* **Exercise description**
From the first line of the data down to and including the line with "For those that", copy everything exactly, leaving out pictures.

* **Available data**
BEGIN

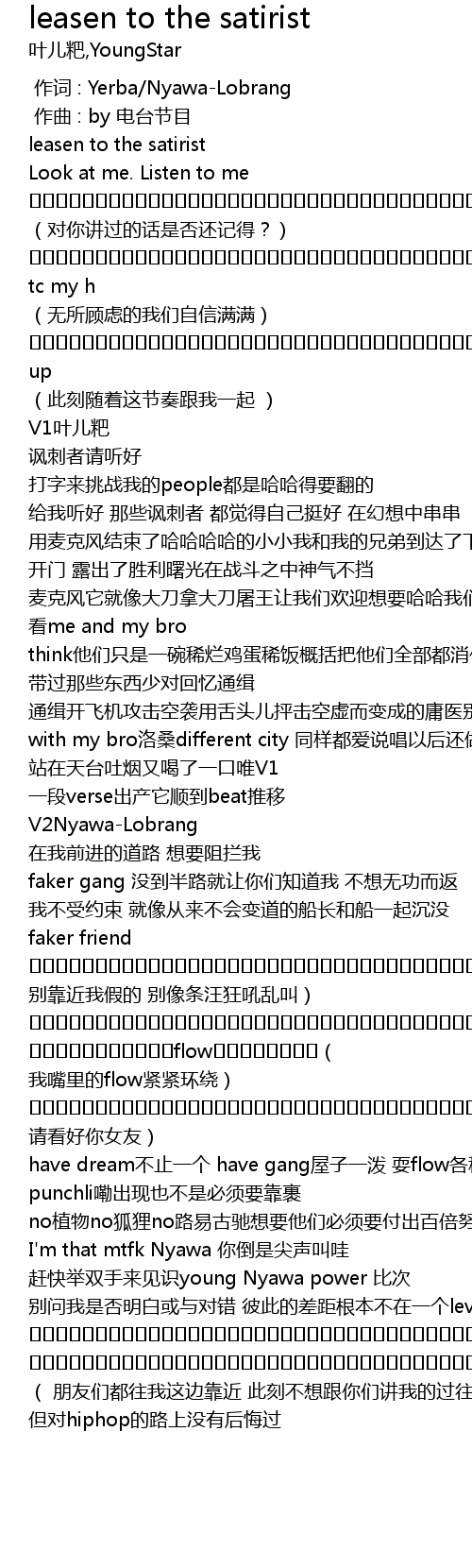 | [01:58.972] | I' m that mtfk Nyawa nǐ dǎo shì jiān shēng jiào wa gǎn kuài jǔ shuāng shǒu lái jiàn shí young Nyawa power bǐ cì bié wèn wǒ shì fǒu míng bái huò yǔ duì cuò bǐ cǐ de chā jù gēn běn bù zài yí gè level hold up hiphop. péng yǒu men dōu wǎng wǒ zhè biān kào jìn cǐ kè bù xiǎng gēn nǐ men jiǎng wǒ de guò wǎng rú hé dàn duì hiphop de lù shàng méi yǒu hòu huǐ guò |
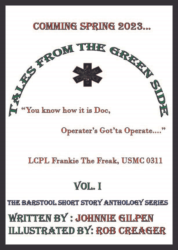 For those that don’t know we are writing a book series titled The Barstool Short Story Anthology Series. The series consists of books that are made up of short stories based on his drawing like the one above. The first book we hope to publish in late summer 2023 will be Tales from the Greenside, then Tales from the Back of the Bus based on his EMS and Fire Drawing in the Winter of 2023, and Tales from the ER in the Spring of 2024.
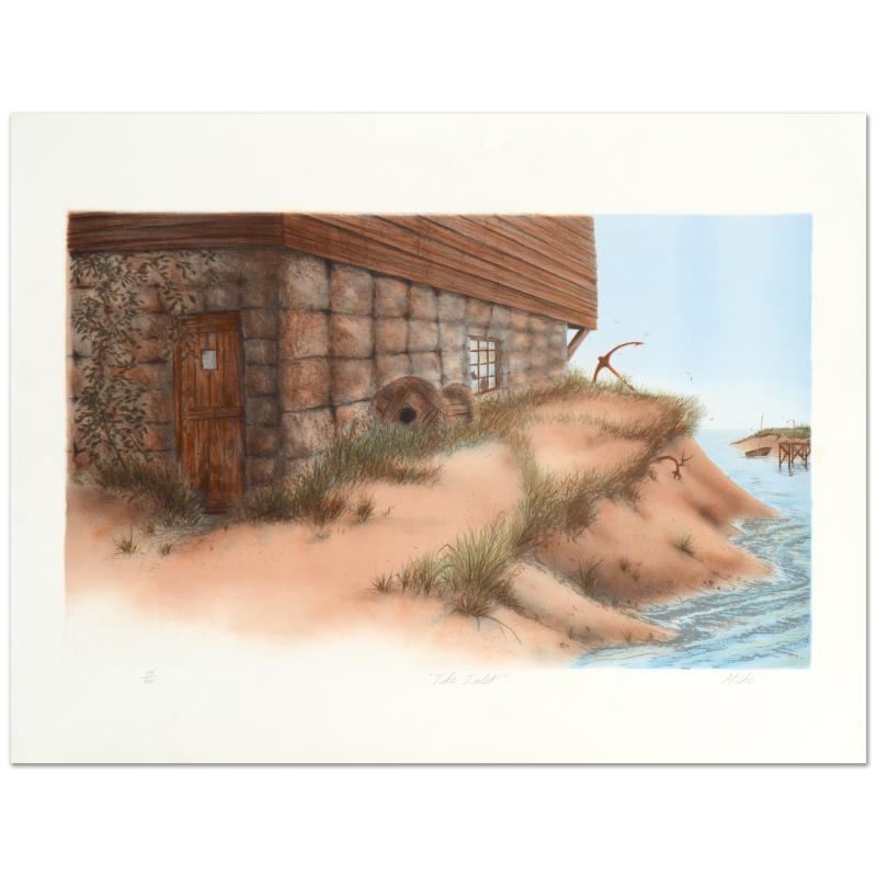 "The Inlet" is a limited edition lithograph on paper by Mike, numbered and hand signed by the artist! Measures approx. 29" x 22" (with border); 25" x 16" (image).

END

* **Exercise output**
 | [01:58.972] | I' m that mtfk Nyawa nǐ dǎo shì jiān shēng jiào wa gǎn kuài jǔ shuāng shǒu lái jiàn shí young Nyawa power bǐ cì bié wèn wǒ shì fǒu míng bái huò yǔ duì cuò bǐ cǐ de chā jù gēn běn bù zài yí gè level hold up hiphop. péng yǒu men dōu wǎng wǒ zhè biān kào jìn cǐ kè bù xiǎng gēn nǐ men jiǎng wǒ de guò wǎng rú hé dàn duì hiphop de lù shàng méi yǒu hòu huǐ guò |
 For those that don’t know we are writing a book series titled The Barstool Short Story Anthology Series. The series consists of books that are made up of short stories based on his drawing like the one above. The first book we hope to publish in late summer 2023 will be Tales from the Greenside, then Tales from the Back of the Bus based on his EMS and Fire Drawing in the Winter of 2023, and Tales from the ER in the Spring of 2024.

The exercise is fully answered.